Then Mrs. Slater told them to hurry
along with their supper for the people would soon
be coming.
It was Mrs. Slater who had planned
the party. Mrs. Slater was the leading spirit
in everything in the household that required dash and
daring. Hers was the dominant voice, though nothing
louder than a whisper had been heard from her for
years. She laughed in a whisper, she cried in
a whisper. Yet in some way her laugh was contagious,
and her tears brought comfort to those with whom she
wept.
When she proposed the party the girls
foresaw difficulties. The house was small-there
were so many to ask-it was a busy time.
Mrs. Slater stood firm.
“Ask everybody,” she whispered.
“Nobody minds being crowded at a party.
I was at a party once where we had to go outside to
turn around, the house was so small. I’ll
never forget what a good time we had.”
Mr. Slater was dressed and ready for
anything long before the time had come for the guests
to arrive.
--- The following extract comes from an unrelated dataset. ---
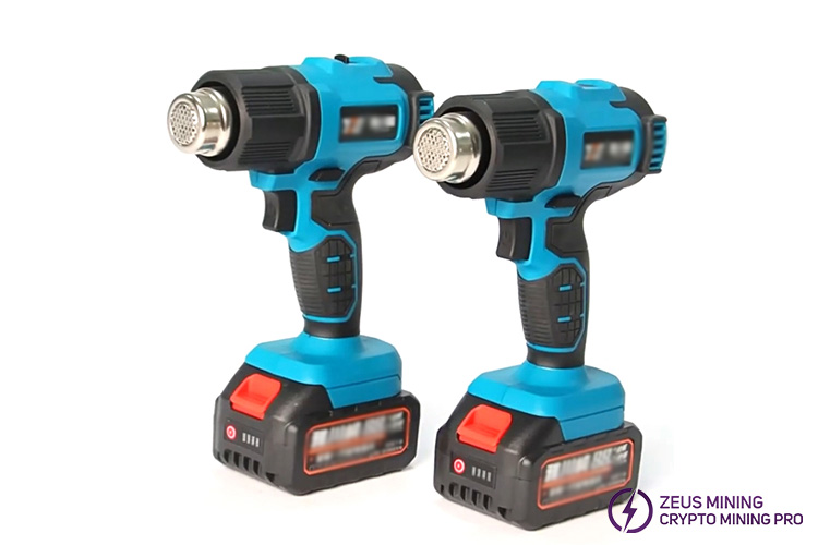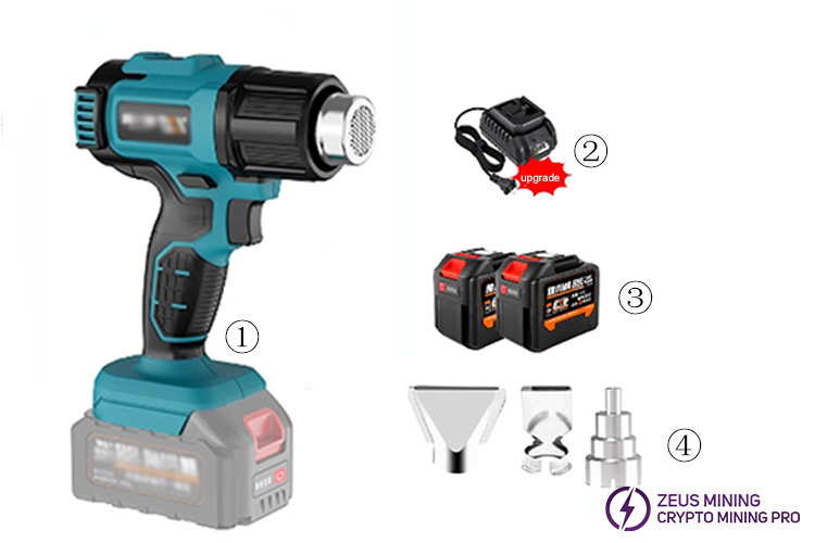 Wireless hot air gun, rechargeable, portable, small, high-power lithium battery hair dryer, car film baking gun, adopts double heating wire design, 3 seconds fast heating, digital display large screen, equipped with high-temperature resistant heat insulation cover to ensure reliable and safe operation. Quick-release nozzle, not hot, can be disassembled by rotating, five wind speeds, 50℃-550℃ adjustable temperature.

An hour before he had sat down resignedly
and said, “Come, girls, do as you think best
with the old man, scrub him, polish him, powder him,
blacken his eyebrows, do not spare him, he’s
yours,” and the girls had laughingly accepted
the privilege.
George, whose duty it was to attend
to the lamps for the occasion, came in with a worried
look, on his usually placid face.
“The aristocratic parlour-lamp
is indisposed,” he said. “It has balked,
refuses to turn up, and smells dreadfully.”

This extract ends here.